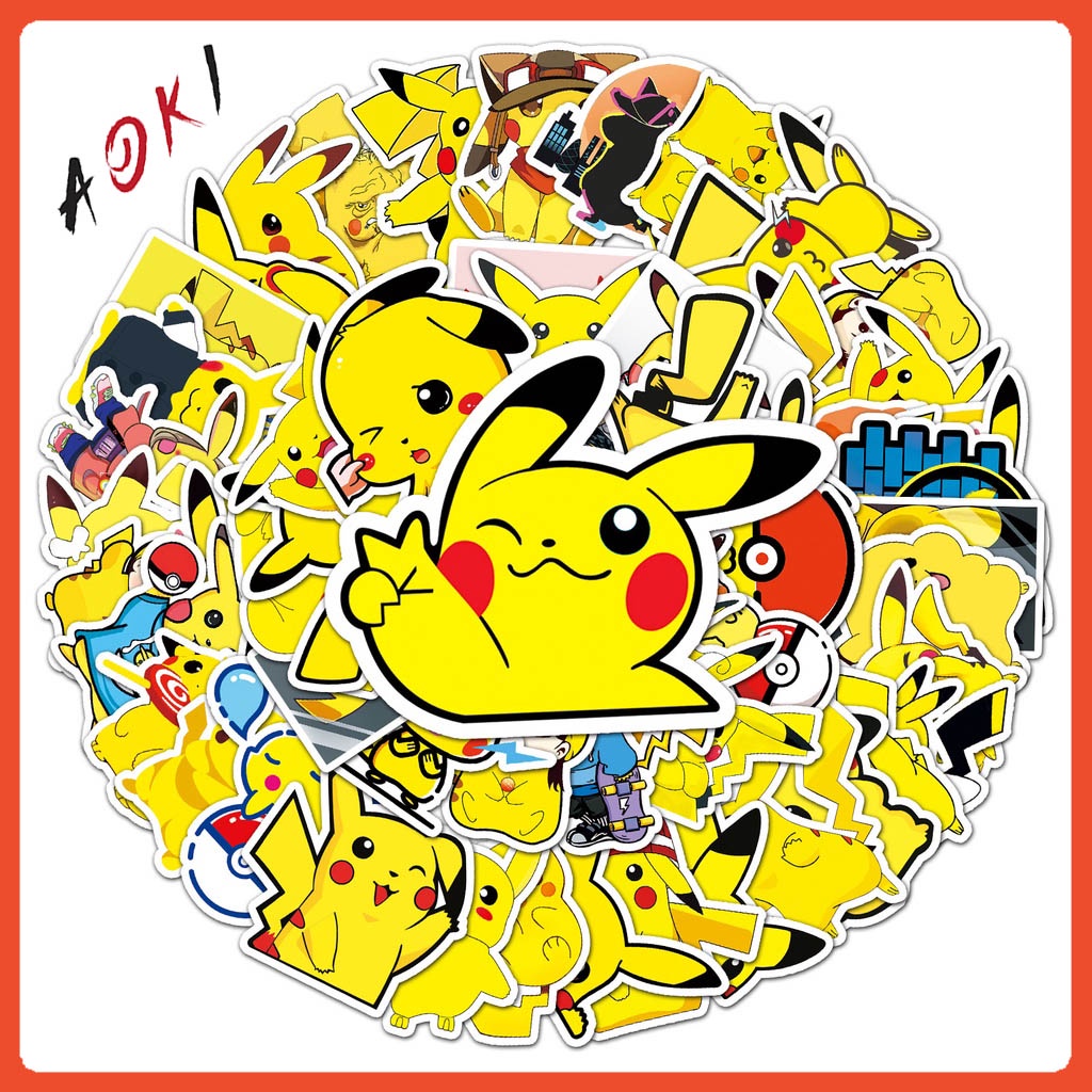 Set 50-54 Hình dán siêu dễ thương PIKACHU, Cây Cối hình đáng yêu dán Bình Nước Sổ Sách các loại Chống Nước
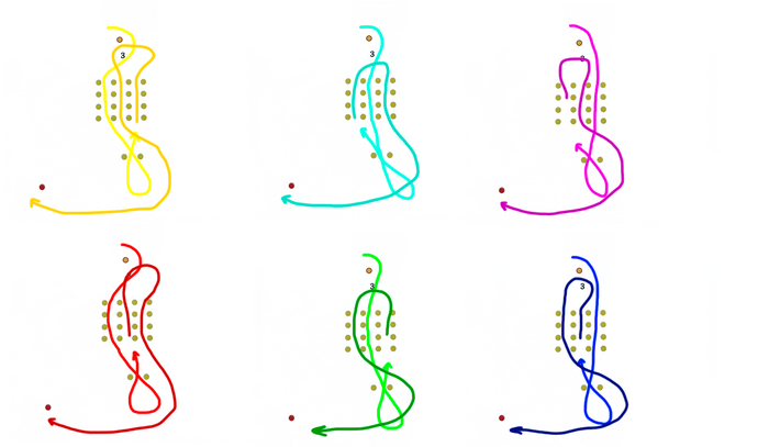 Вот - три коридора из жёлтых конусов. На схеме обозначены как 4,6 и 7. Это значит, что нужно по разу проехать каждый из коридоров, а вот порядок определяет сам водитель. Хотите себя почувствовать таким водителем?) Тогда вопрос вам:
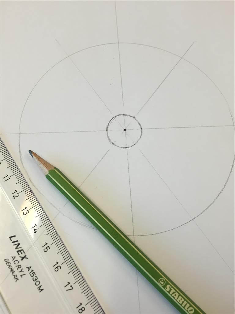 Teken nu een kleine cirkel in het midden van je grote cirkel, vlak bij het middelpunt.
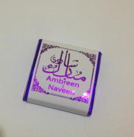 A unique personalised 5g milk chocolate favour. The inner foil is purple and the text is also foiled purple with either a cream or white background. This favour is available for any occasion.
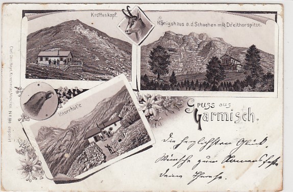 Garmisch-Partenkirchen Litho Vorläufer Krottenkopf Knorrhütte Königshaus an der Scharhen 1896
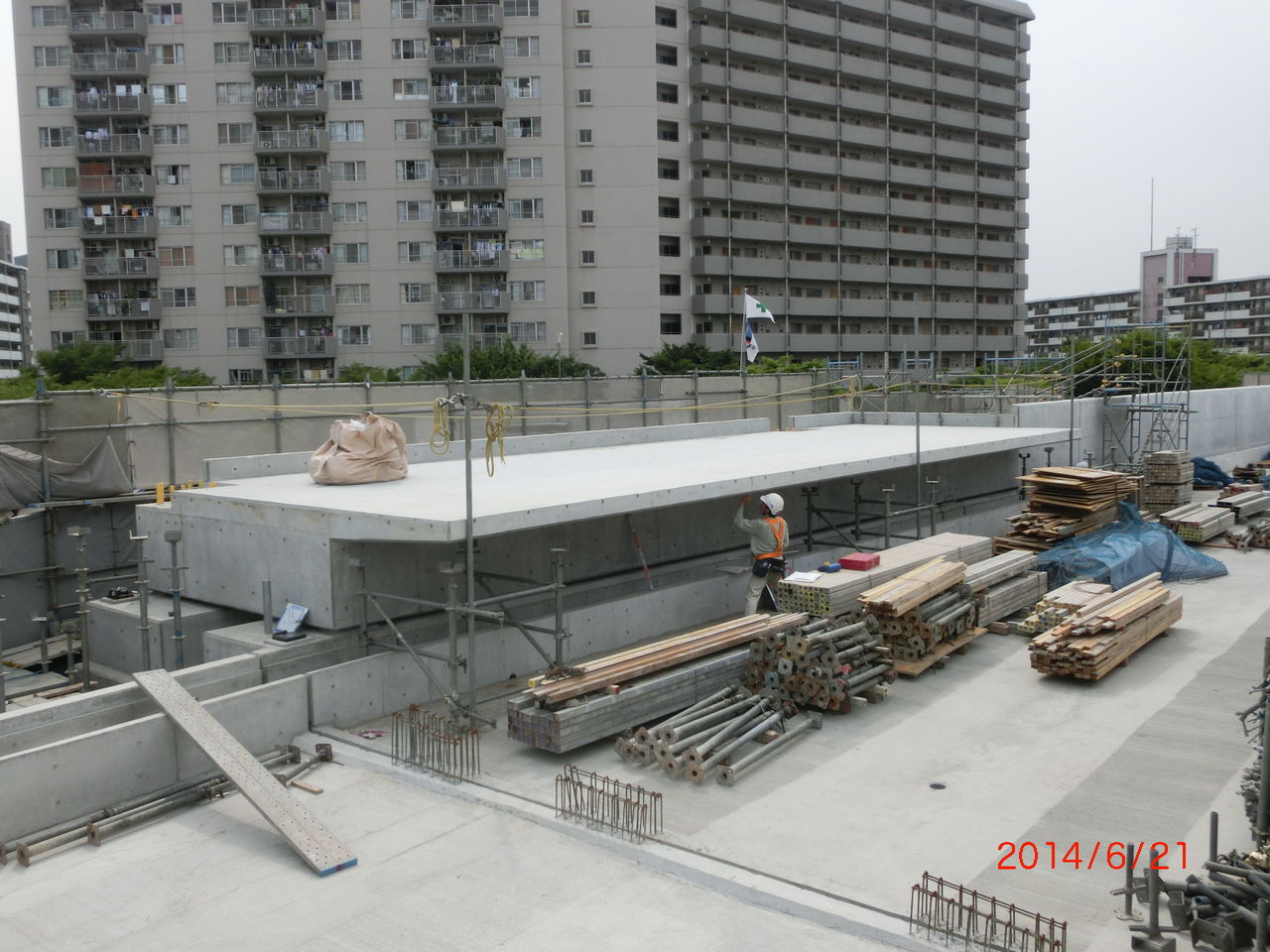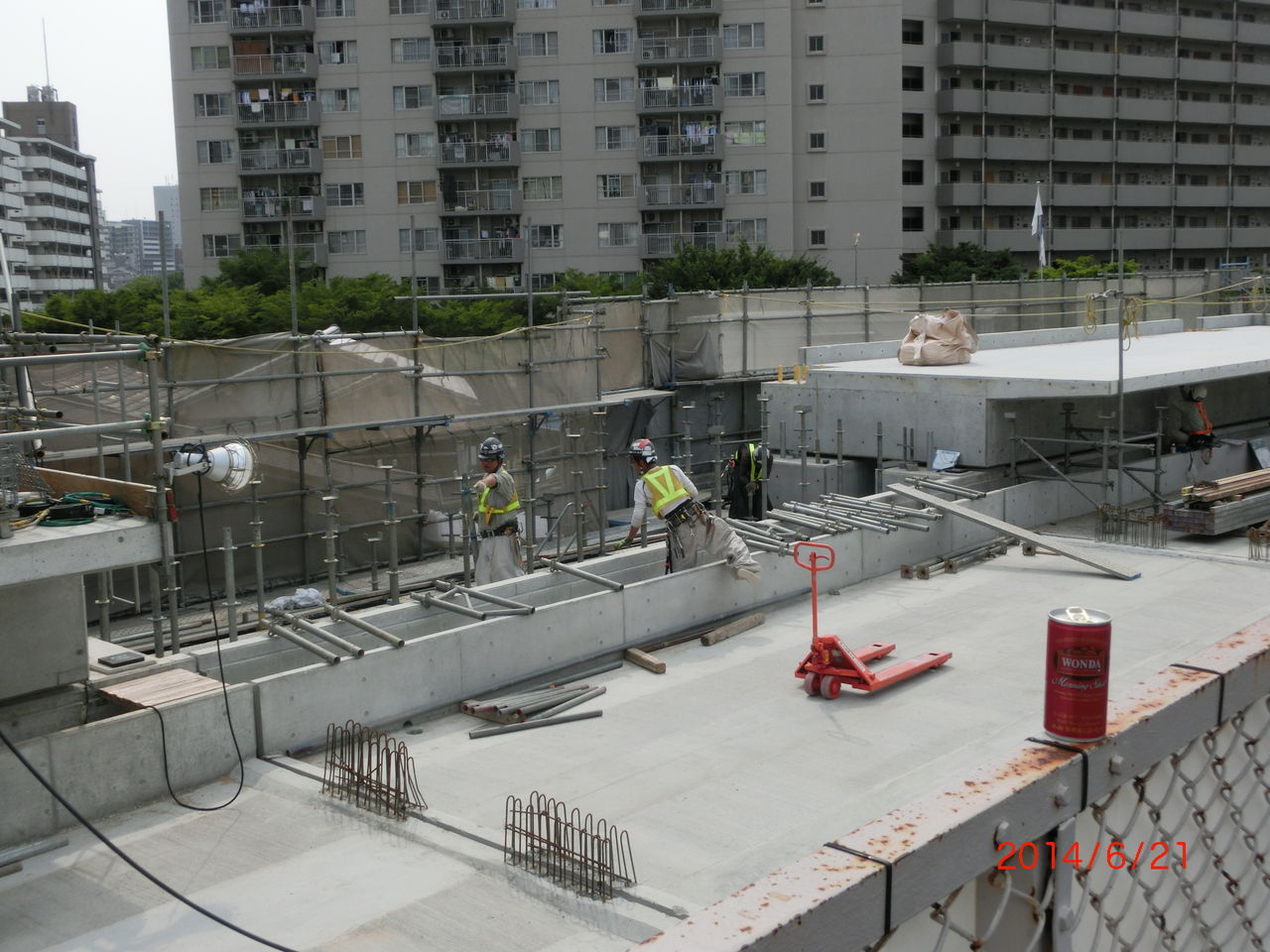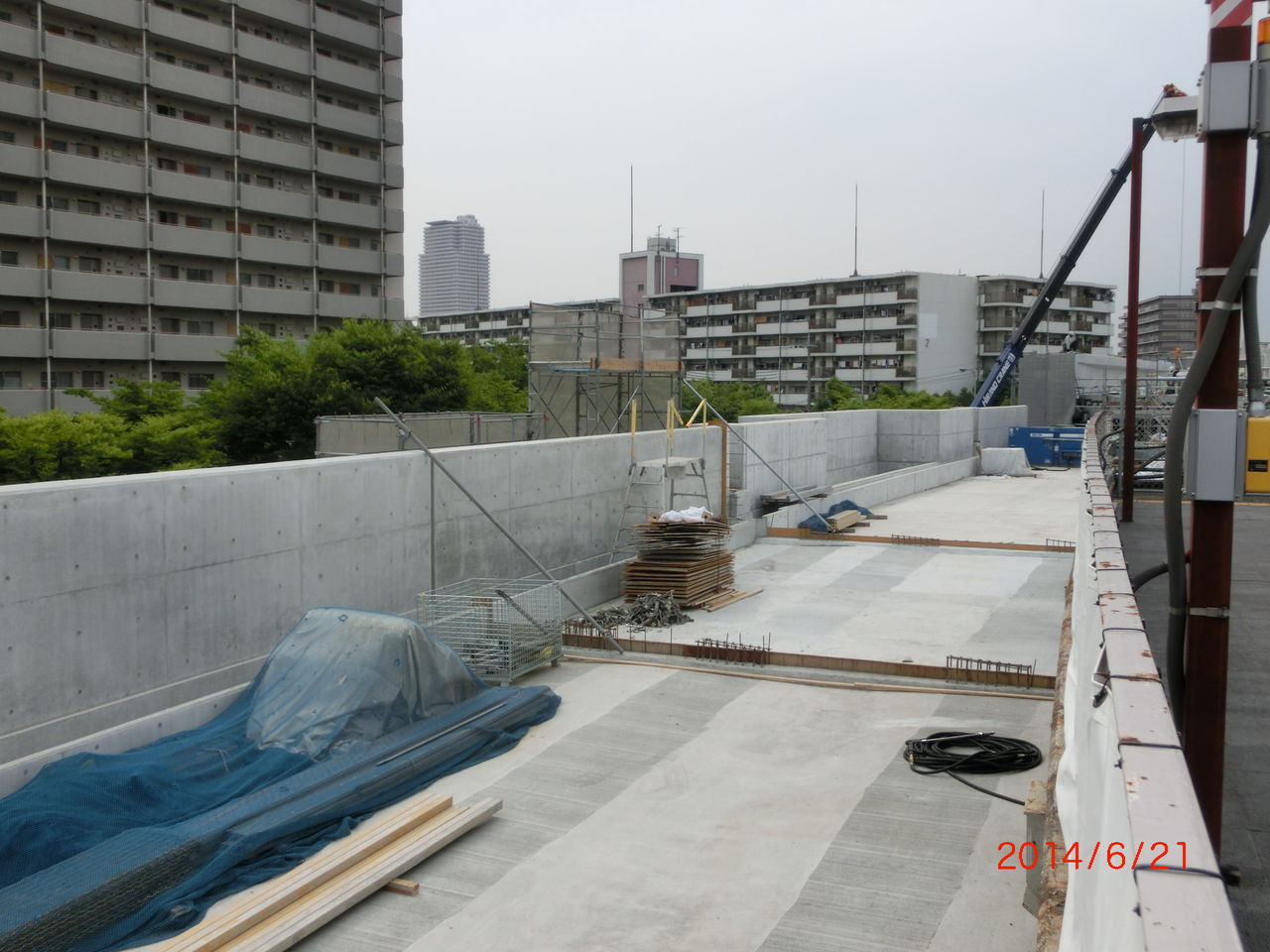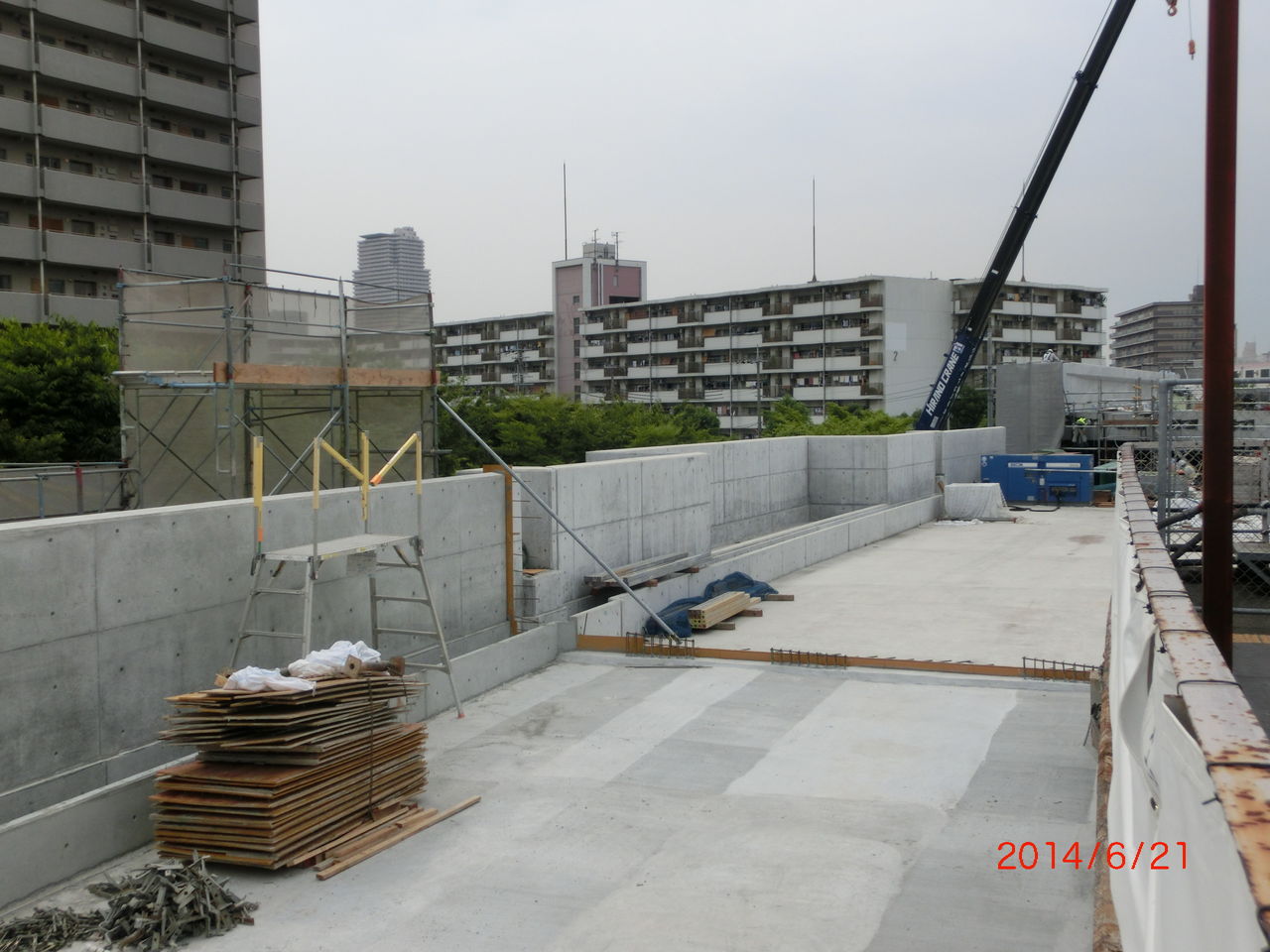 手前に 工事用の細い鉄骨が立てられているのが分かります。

- - - - - - -

Brief: Each line, from the beginning of the listing to the line bearing "Teken nu een" inclusive, should be copied exactly; the pictures stay out.

Output of the exercise:
 Set 50-54 Hình dán siêu dễ thương PIKACHU, Cây Cối hình đáng yêu dán Bình Nước Sổ Sách các loại Chống Nước
 Вот - три коридора из жёлтых конусов. На схеме обозначены как 4,6 и 7. Это значит, что нужно по разу проехать каждый из коридоров, а вот порядок определяет сам водитель. Хотите себя почувствовать таким водителем?) Тогда вопрос вам:
 Teken nu een kleine cirkel in het midden van je grote cirkel, vlak bij het middelpunt.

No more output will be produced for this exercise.